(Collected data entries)
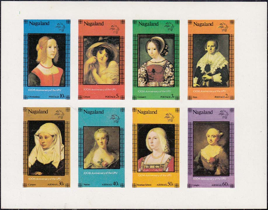 1974 г. Разм. рис. 26 х 46 мм. Многоцветная печать на белой глянцевой бумаге. Зубц. 14 1/4 и БЗ. В центре репродукции картин. Сверху название территории на английском языке. Внизу пояснительная подпись на английском языке и номинал.
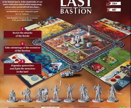 Last Bastion is a cooperative game in which the players take on the roles of heroes defending an ancestral Bastion against the monstrous hordes of the Baleful Queen. The players struggle together against the game, either they all win victory, or else they all suffer defeat.
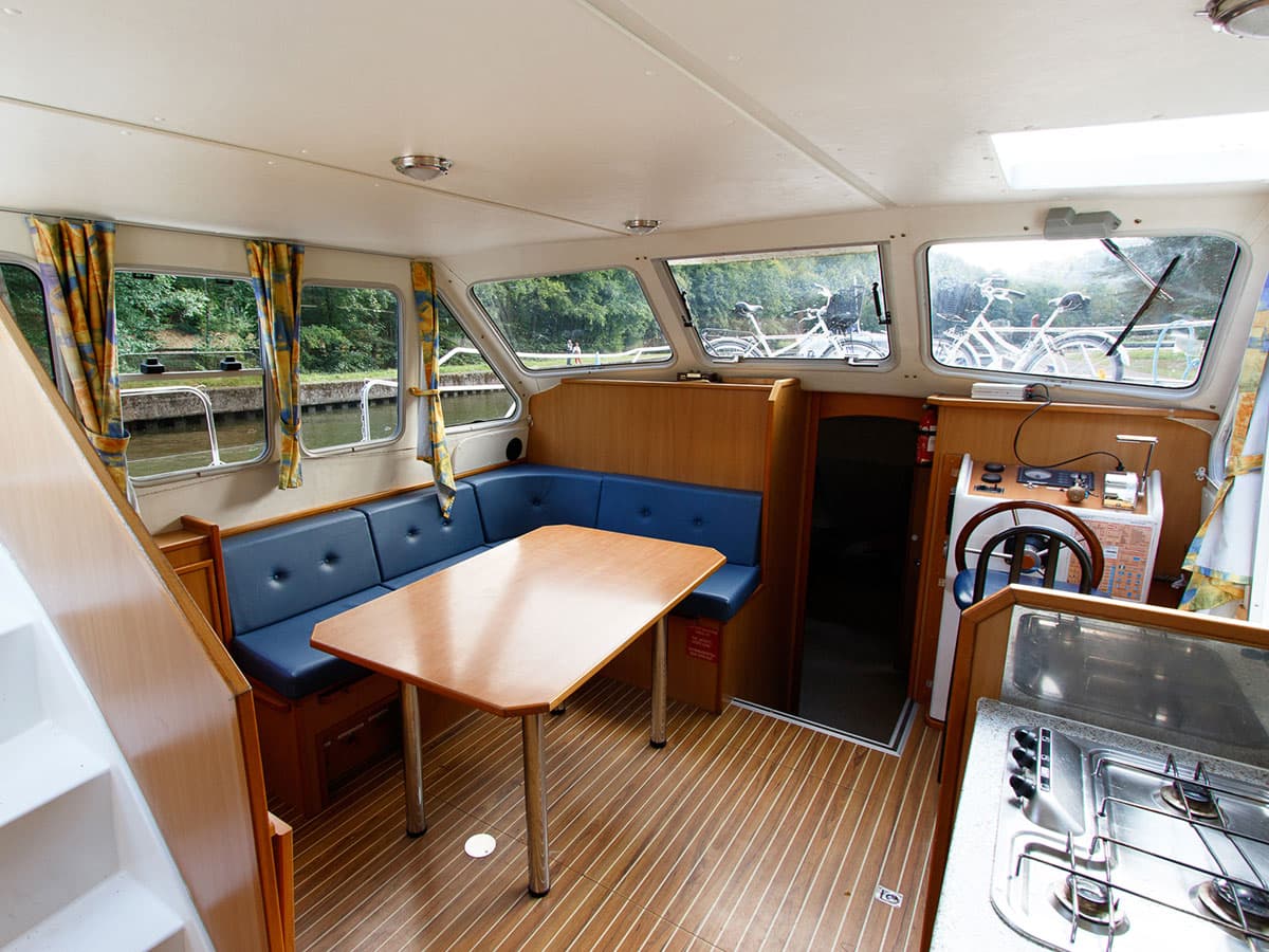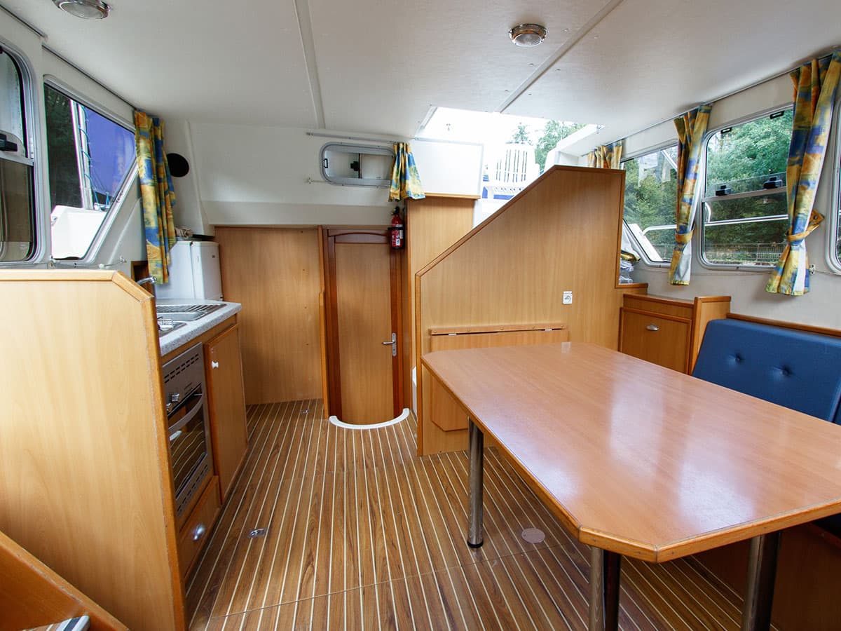La barca Tarpon 32 dispone di ponte superiore attrezzato con doppia postazione di pilotaggio a cui si accede attrevarso una scala interna posta nel salone. Modello economico ideale per una vacanza fluviale in due coppie o in famiglia con bambini.
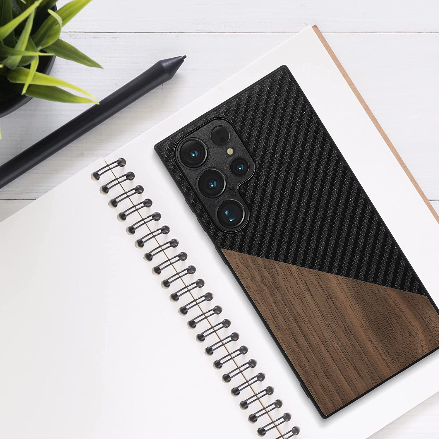 Αυτή η θήκη έχει μία υπέροχη σχεδίαση με πλάτη από ξύλο καρυδιάς και ανθρακονήματα και θα σας εντυπωσιάσει με την κομψή και μοντέρνα εμφάνισή της. Ταυτόχρονα, διαθέτει περιμετρικά της οθόνης ένα εύκαμπτο TPU Bumper, ώστε να προστατεύει την συσκευή σας από κραδασμούς, γρατζουνιές, σκόνη, καθημερινή χρήση.
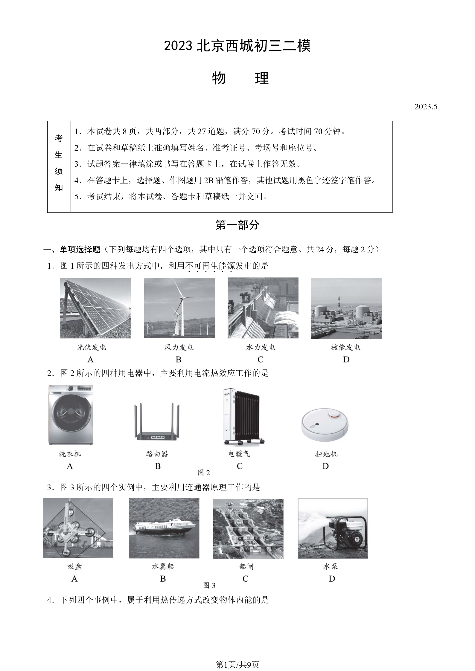 2023北京西城区初三二模正在进行,admw360中考网为大家整理了物理试题及答案,分享给大家。
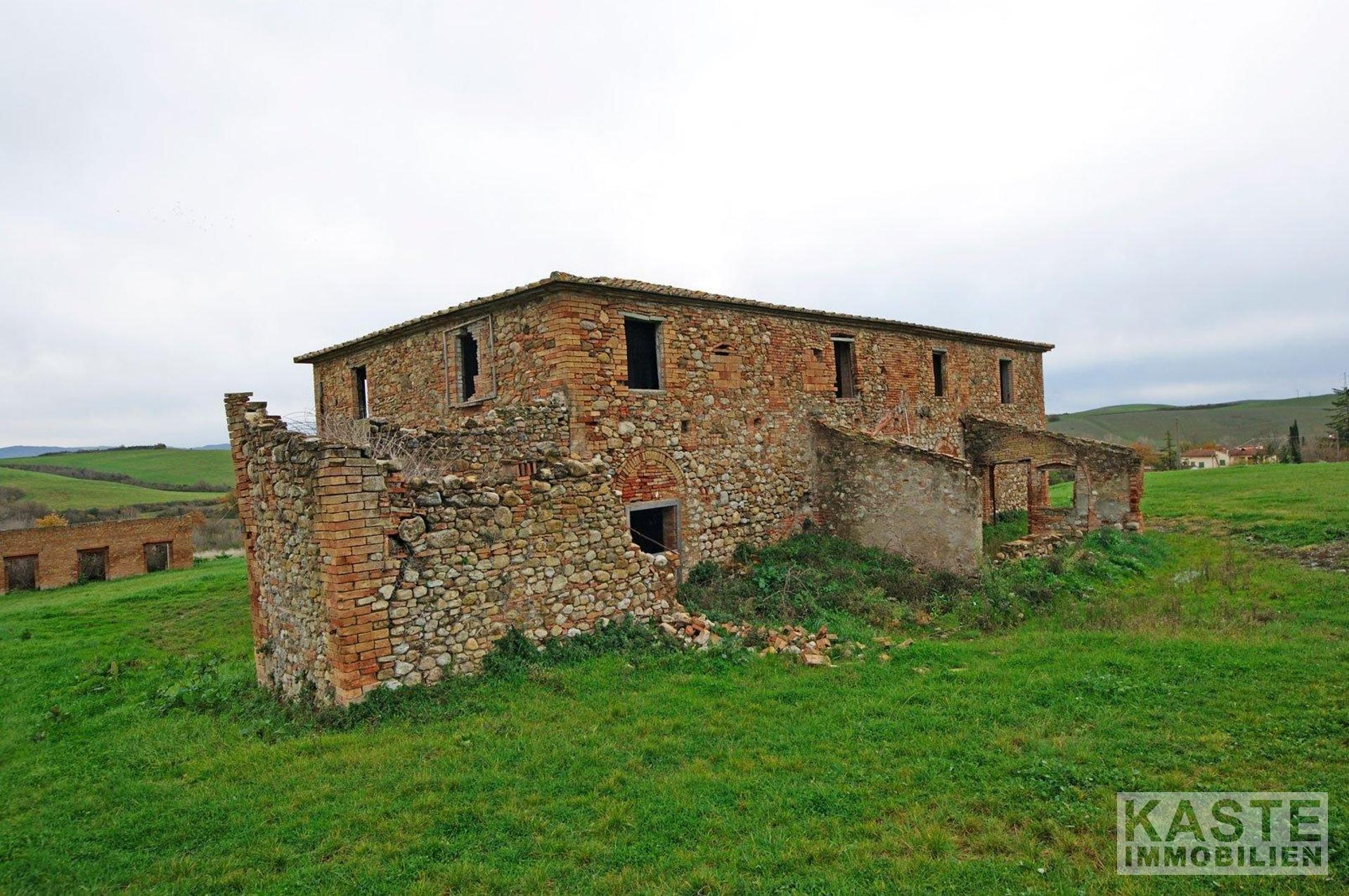 Wunderschönes charakteristisches Landhaus im Ortsteil Lajatico in Italien. Das Anwesen besteht aus 44.000 qm Land, das ein 500 qm großes Haupthaus umgibt, plus 2 Nebengebäude von 50 und 20 qm. Das Haupthaus ist restaurierungsbedürftig, aber es gibt viel wiederzuverwenden, wie die Böden und die originalen Decken, die nach einer guten Restaurierung die schöne Atmosphäre im Haus erhalten. Die alten Ställe können heute als große Wohnräume mit einem großen offenen Raum mit den originalen Gewölbedecken wiederverwendet werden. Und die originale Tränke kann zu schönen Sitzgelegenheiten werden. Das Äußere des Hauses ist in gutem Zustand und außerdem gibt es 2 Nebengebäude, die umgebaut werden können. Es ist möglich, einen Swimmingpool zu bauen.
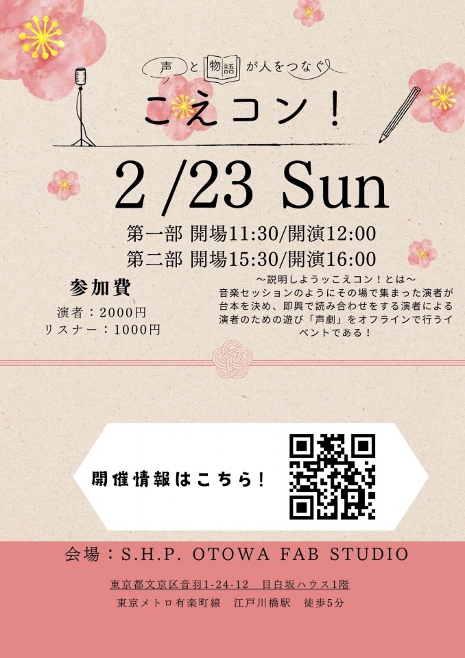 - 「こえコン! ~in 江戸川橋~」は二部制で開催します。第1部・第2部ともに主な上演作品は共通とし、参加者入れ替え制となります。
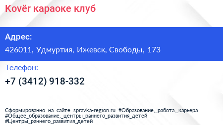 Kоvёr, караоке-клуб по адресу 426011, Удмуртия, Ижевск, Свободы, 173 в дальнейшем Организация, размещена в следующих категориях:
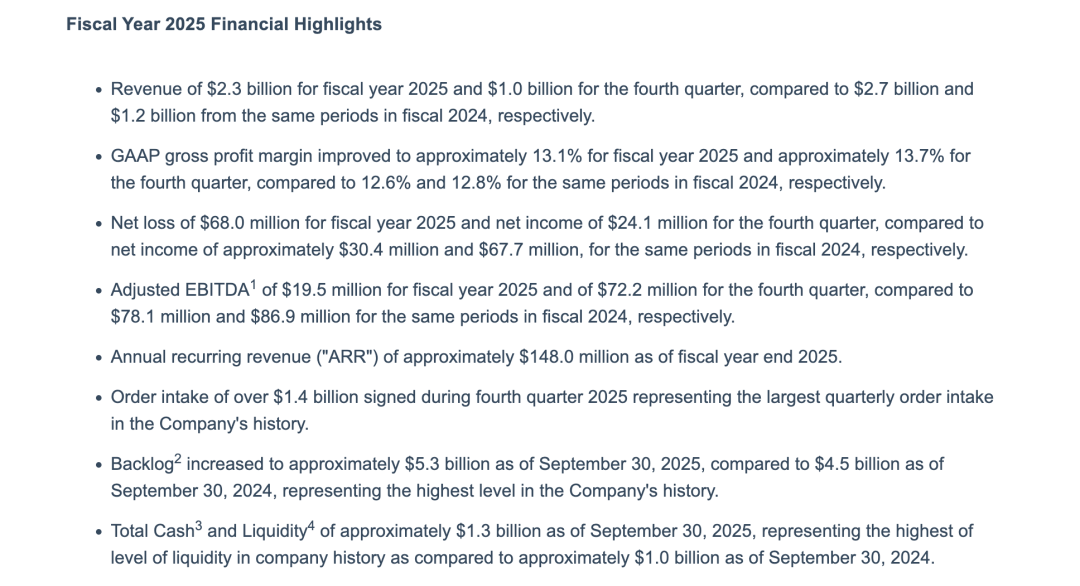 從數(shù)據(jù)上看,F(xiàn)luence 的項(xiàng)目交付量仍在增長(zhǎng)。公司在2025財(cái)年第四季度簽訂新訂單14億美元,創(chuàng)下單季紀(jì)錄。但盡管項(xiàng)目數(shù)量上升,利潤(rùn)卻下滑(2025財(cái)年凈虧損6800萬美元),說明單項(xiàng)目收入(ASP)出現(xiàn)下行。
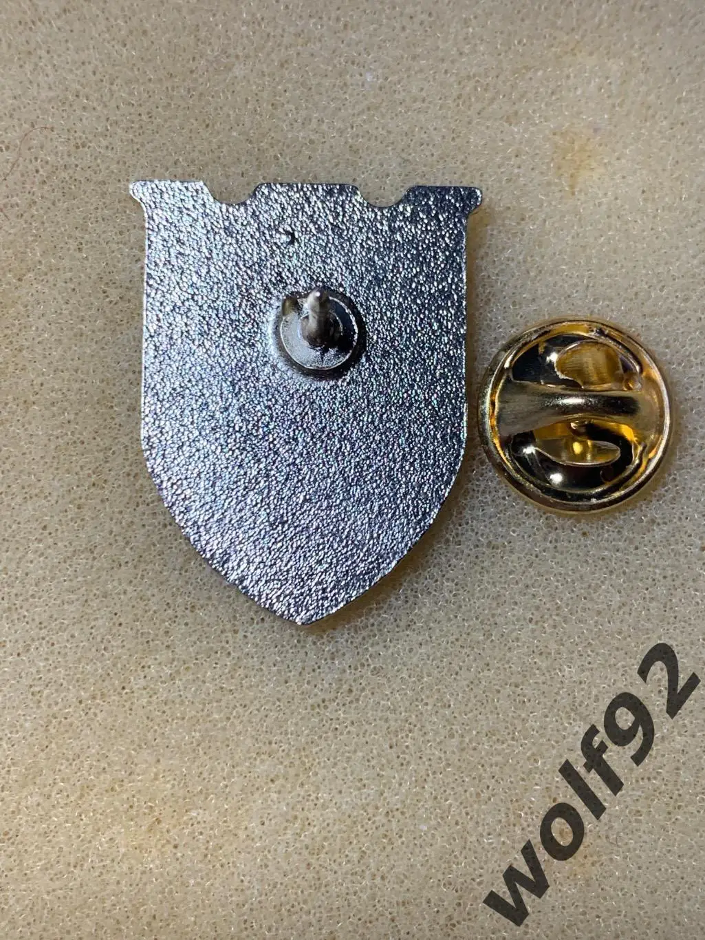 Тяж. металл (цвет металла - "золото"), синтетическая (твёрдая) эмаль (эпола), размер 26х20 мм, тип крепления - цанга, состояние - хор. - см. скан.
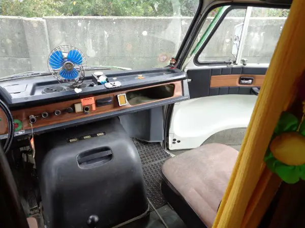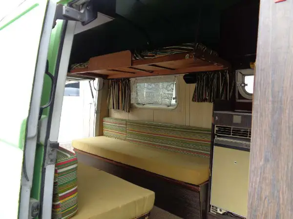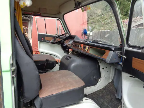 Der Innenausbau ist komplett und original vorhanden, sowie ausgebaut (Vorhänge, Fenster, Polster, Kissenüberzüge,
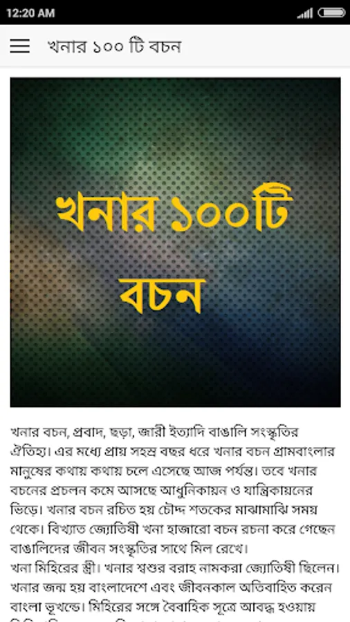 Khanar Bachan is a rhyme based on agriculture. Written between the 8th and 12th centuries. According to many, these rhymes were written by a brilliant Bengali woman named Khana who is an expert in astronomy. However, there are differences. The words of innumerable mines have been associated with the life of the people of rural Bengal for ages. It is rumored that Khanar resided in the village of Deuli in the then Barasat subdivision of the twenty-four parganas. Even King Vikramaditya's meeting is said to be one of the Navaratnas.

Activity: Print the data exactly, from its first line to the line containing "La barca Tarpon", both included. Omit the pictures.

Solution for this exercise:
 1974 г. Разм. рис. 26 х 46 мм. Многоцветная печать на белой глянцевой бумаге. Зубц. 14 1/4 и БЗ. В центре репродукции картин. Сверху название территории на английском языке. Внизу пояснительная подпись на английском языке и номинал.
 Last Bastion is a cooperative game in which the players take on the roles of heroes defending an ancestral Bastion against the monstrous hordes of the Baleful Queen. The players struggle together against the game, either they all win victory, or else they all suffer defeat.
La barca Tarpon 32 dispone di ponte superiore attrezzato con doppia postazione di pilotaggio a cui si accede attrevarso una scala interna posta nel salone. Modello economico ideale per una vacanza fluviale in due coppie o in famiglia con bambini.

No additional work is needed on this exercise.